<moving to coff, less unix heritage content here>
On 2021-02-07 23:29, Doug McIntyre wrote:
On Sun, Feb 07, 2021 at 04:32:56PM -0500, Nemo Nusquam
wrote:
My Sun UNIX layout keyboards (and mice) work
quite well with my Macs.
I share your sentiments.
Most of the bespoke mechanical keyboard makers will offer a dipswitch
for what happens to the left of the A, and with an option to print the
right value there, my keyboards work quite well the right way.
I've been using the CODE[0] keyboard with 'clear' switches for the past
few years and have been very happy with it. Has the dipswitches for
swapping around CTRL/CAPS and the meta/Alt, probably others as well.
When I don't have hardware solutions to this, most modern OSes let you
remap keys in software.
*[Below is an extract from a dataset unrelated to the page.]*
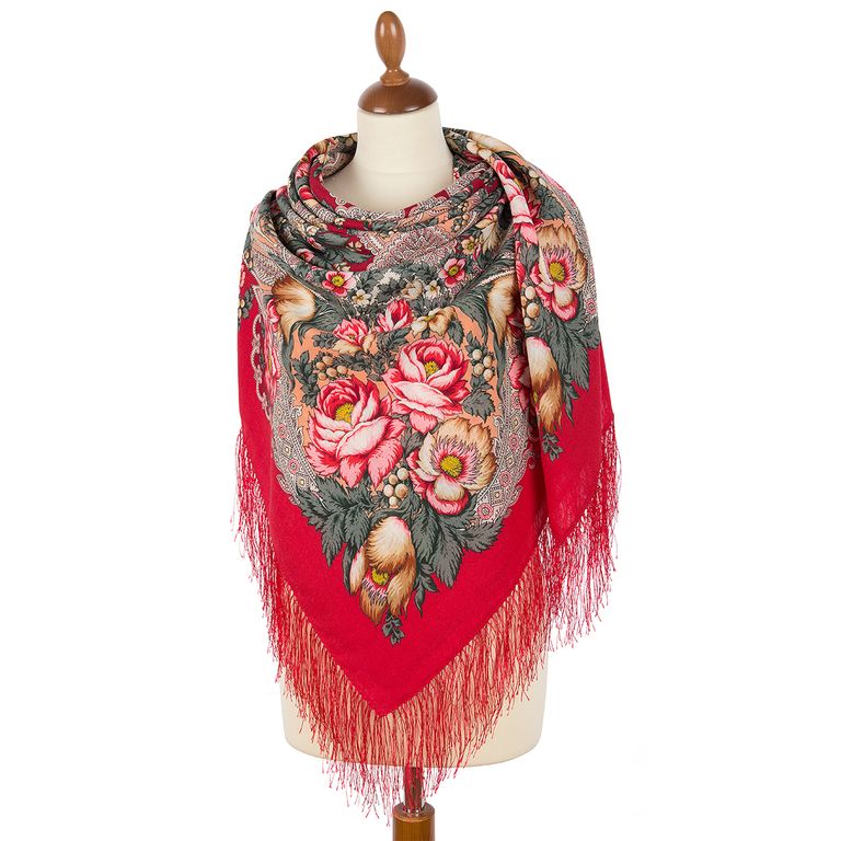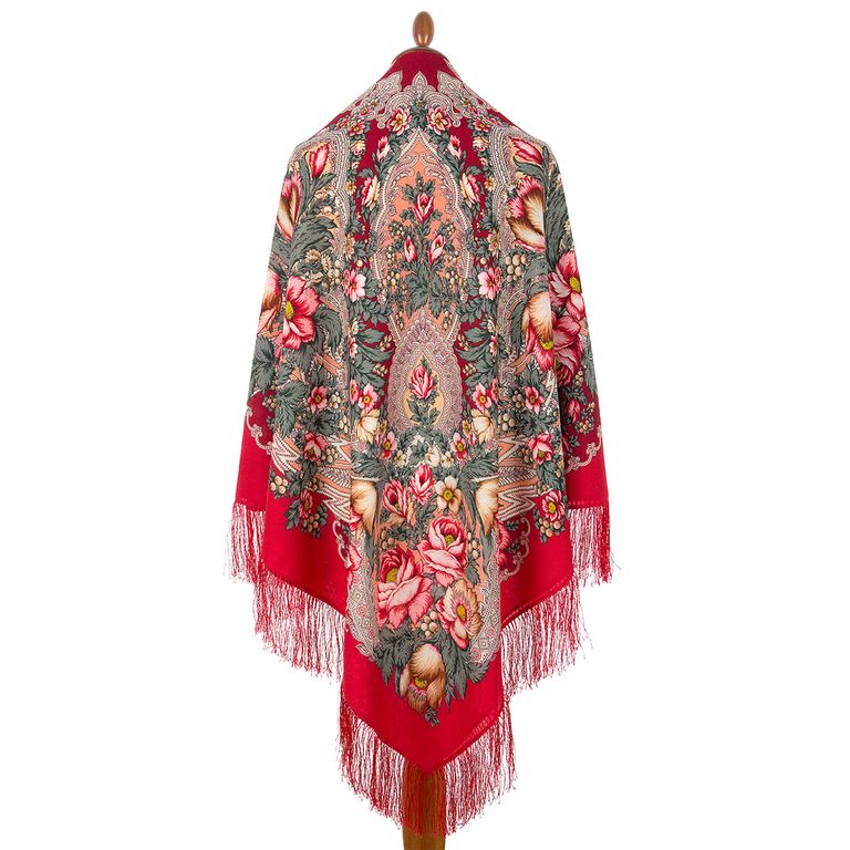 Павловопосадский шерстяной платок "Песня сказочного леса" 1880-5, с шелковой бахромой
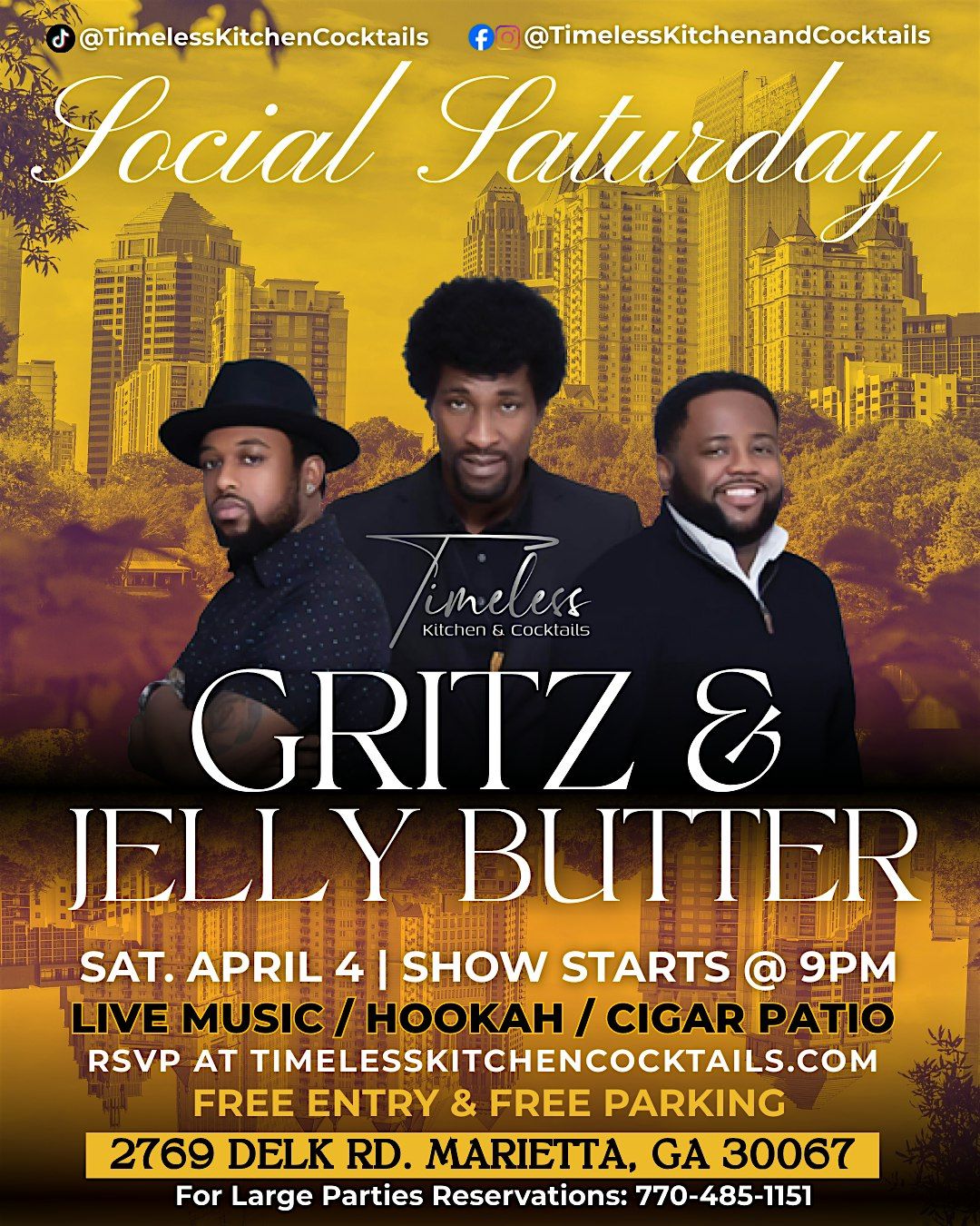 #LiveMusicAtlanta #AtlantaNightlife #MariettaGA #RnBLive #LiveBandATL #ThingsToDoInAtlanta #CobbCountyEvents #HookahLounge #SaturdayNightATL #TimelessKitchenCocktails

Being a gnu screen user, CTRL & A being right
next too each other makes life easier.
I've used enough keyboards over the years that didn't even have an ESC
key (Mac Plus, the Commodore 64, the keyboard on my Samsung tablet,
probably a few others), that I got in the habit of using CTRL-[ to
generate an ESC and still do that most of the time rather than reaching
for the ESC up there in the corner.
I did use the Sun Type5 USB Unix layout for quite some
years, but I
always found it a but mushy, and liked it better switching back to
mechanical keyboards with the proper layout.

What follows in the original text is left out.